"My mate and I have a number of excellent disguises in this wardrobe here, Madame la Comtesse," he said, as he pointed to a large piece of furniture which stood in a corner of the room, "and all are at your service. I would suggest a peasant's dress for Mademoiselle, and," he added significantly, "a man's attire for Madame, since she is so very much at home in it."
"You are right, my man," rejoined Madame lightly. "I was perfectly at home in my son's breeches, and I shall never cease to regret that Jacques de Romaine must remain now as he is—vanished or dead—for as long as I live."
The two men then took their leave, and the ladies proceeded to select suitable disguises. Silently and methodically they proceeded in their task, Mariette de Romaine making herself look as like a labourer's wench as she could, whilst Mme. la Comtesse slipped into a rough suit of coat and breeches with the ease born of constant habit. Her short dark hair she tied into a knot at the nape of her neck and placed a shabby three-cornered hat jauntily upon it. Her broad, unfeminine figure, her somewhat hard-marked features and firm mouth and chin made her look a handsome and dashing cavalier.

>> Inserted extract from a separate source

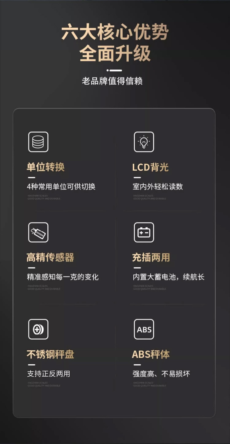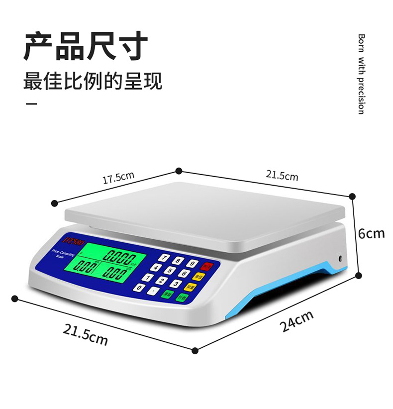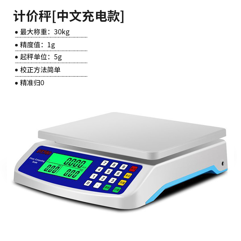• 가격 척도 [충전 모델]에는 충전기가 포함되어 있으며 30kg/1g의 고정밀도를 측정할 수 있습니다.

When a few moments later the sound of voices in the hall proclaimed the return of the men, Mme. la Comtesse was standing expectant and triumphant facing the door, ready for adventure as she had always been, a light of daring and of recklessness in her eyes, love of intrigue and of tortuous paths, of dark conspiracies and even of unavowable crimes glowing in her heart—all for the sake of a King whom France with one voice had ejected from her shores, and a régime which the whole of France abhorred.
The door was opened: a woman's cry of joy and astonishment rang out.
"Why Jacques, you young scamp!" exclaimed Mademoiselle Philippa who, dressed in a brilliant dark green silk, with feathered hat and well-rouged cheeks, was standing under the lintel of the narrow door like a being from another world. "Where have you been hiding all this while?"
But her cry of mingled pleasure and petulance had already been followed by a double cry of terror. Mme. la Comtesse, white now to the lips, had fallen back against the table, to which she clung, whilst Mariette de Romaine, wide-eyed like a tracked beast at bay, was gazing in horror straight before her, where, behind Philippa's flaring skirts, appeared the stern, colourless face of a small man in a grey coat.
"It was for the mean spies of that Corsican upstart," she exclaimed with passionate indignation, "to have devised such an abominable trick."
Already the Man in Grey had entered the room. Behind him, in the dark, narrow hall, could be seen the vague silhouettes of three or four men in plain clothes.
"Trick for trick, Mademoiselle, and disguise for disguise," said the secret agent quietly. "I prefer mine to the one which deceived and defrauded Mademoiselle Philippa here of close on a million francs' worth of jewels."